With each Biennale, a jury awards prizes to artists and pavilions, for while the format and layout are much the same, the content is always different. The consensus this year veers towards a good experience—not great, but definitely good—hence making this Biennale a better extravaganza than usual.

 

 

The pavilions, by and large, merit attention. The award for best national pavilion went to Lithuania for its indoor beach. Called Sun and Sea (Marina), the installation presents bathers of different ages and dimensions on the artificially lit sand, playing chess, reading, strolling and singing (in English). This “opera-performance” occupies a building in the Arsenale’s military zone and puts the viewer on guard with its message of the approaching eco-drama. Lyrics cite Chinese sweatshops making swimsuits, the Great Barrier Reef blanched to destruction and how winters lately have been unusually hot. In its quayside location, the whole show is at risk from rising sea levels.

 

 

Missing out on the top prize, France’s contribution is just as strong. The artist Laure Prouvost presents her image of “Frenchness” as an ark for all communities, animals and things. (Prouvost has lived for years in London and Antwerp, so she may take an outsider’s view.) Visitors are immersed in space, light, things, drawings, cigarette butts and a perceptible feeling of togetherness. Rather than coming through the pavilion’s front entrance, visitors enter through a rear doorway and climb a set of rickety wooden stairs as if that will change perspectives. Spaces melt aquatically into an ocean-like environment with the film Deep See Blue Surrounding You at the centre of a dreamlike road trip that takes visitors from the Paris suburbs to Venice by car, horse and boat.

 

 

Italy’s pavilion is, sadly, one of the year’s clunkers, but time is well spent with Belgians Jos de Gruyter and Harald Thys, whose mechanised canine puppets provide an absurd perspective on social relations in the current populist epoch.
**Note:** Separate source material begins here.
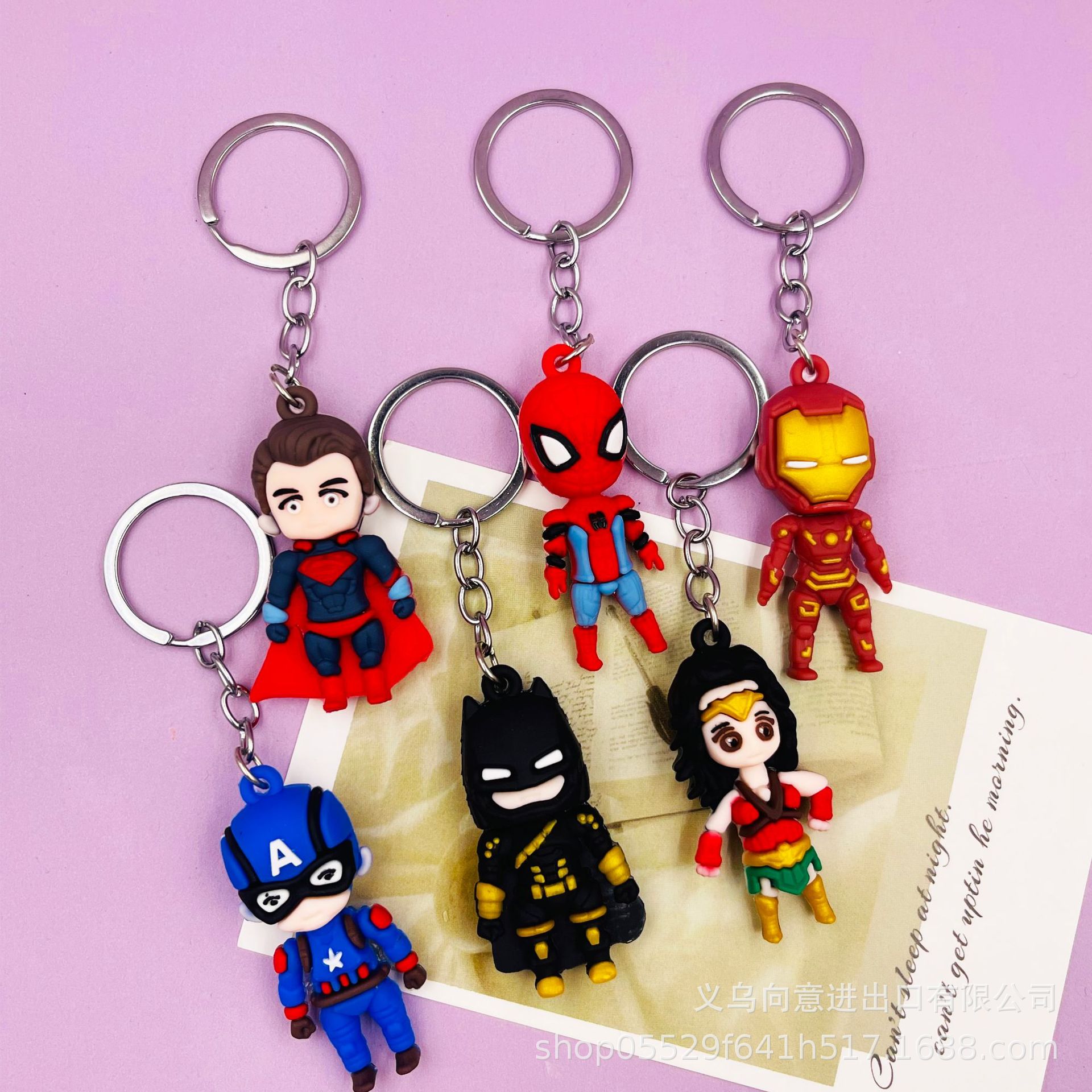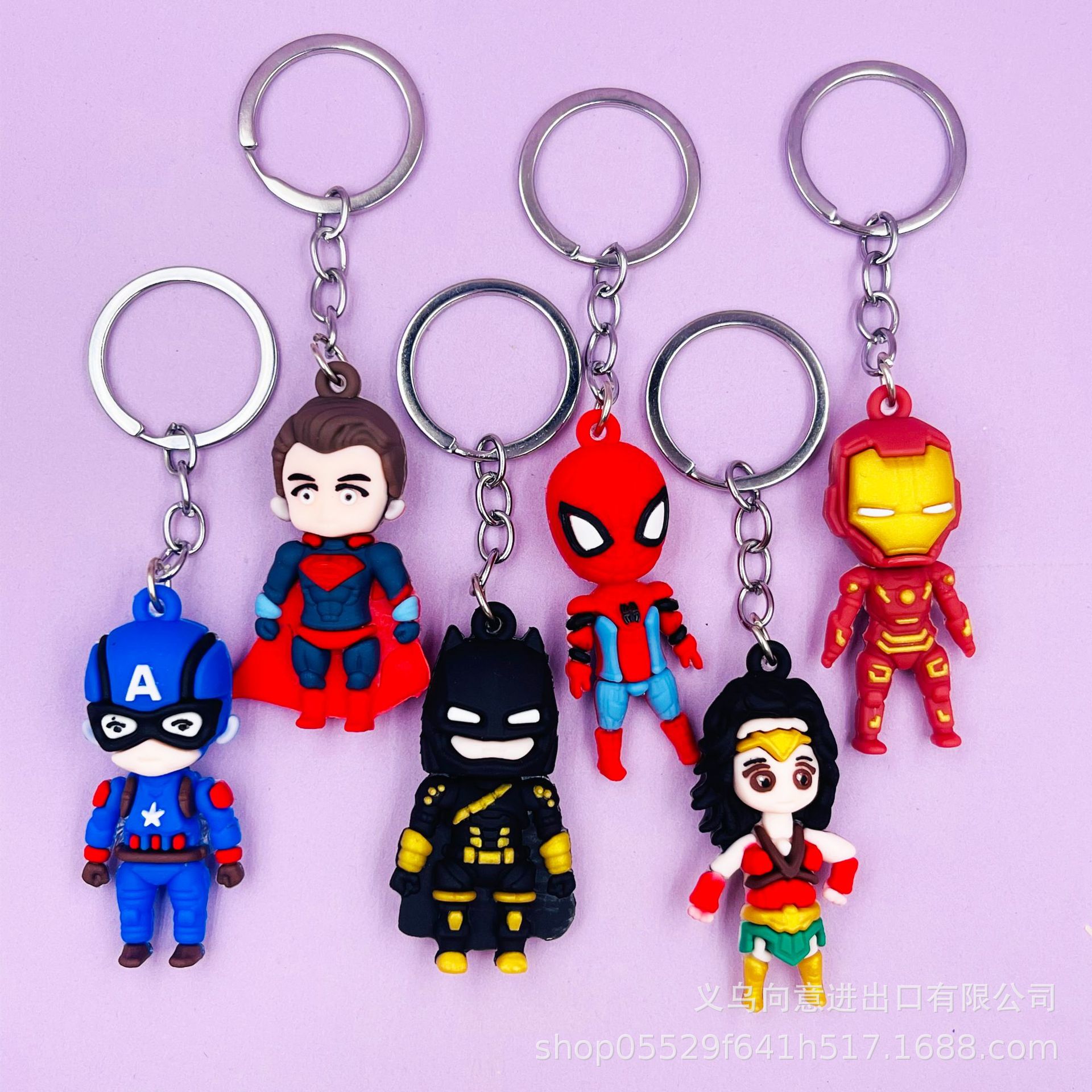 创意卡通小号复仇者联盟钥匙扣包包挂件立体软胶蝙蝠侠蜘蛛侠公仔 投诉

At the US pavilion, Martin Puryear’s eight non-figurative sculptures, beautifully crafted in pine and steel, have the theme of liberty and its absence. The best is his A Column for Sally Hemings, in wood weighed down by iron that commemorates the enslaved woman of mixed race by whom her owner Thomas Jefferson had several children.

 

 

 

Images taken from Instagram account @sunandsea_lt

 

 

 

Rugoff’s international exhibition sees more well-known artists than curators usually gather—and they are all alive, another departure from practice. There is Julie Mehretu and Danh Vō, Jimmie Durham and Carol Bove, Christian Marclay and Ed Atkins. All are strong, although perhaps among the best are American Nicole Eisenman’s paintings, whose characters are engaged in activities that appear strange or absurd, but suggest familiar psychological states.

 

 

The main show has its prize winners, too, with the Golden Lion going to US artist Arthur Jafa. His film The White Album is a half-hour collage of appropriated music videos, security-camera and mobile footage, Internet clips and details from documentaries that reflect on American history and whiteness. A capricious mix of public malevolence and private warmth, it moves with a vibrant rhythm into the debate about race and power.

 

 

Rugoff, an American who heads London’s Hayward Gallery, wonders if “perhaps art can be a kind of guide for how to live and think in interesting times”. Those times encompass eco-anxiety and political populism, Brexit and the social media boom, rogue states and mass migration. So, let’s play. As Rugoff concludes, “it is when we play that we are most fully ‘human’”.

 

 

 

 

The 58th International Art Exhibition of La Biennale di Venezia is on until November 24.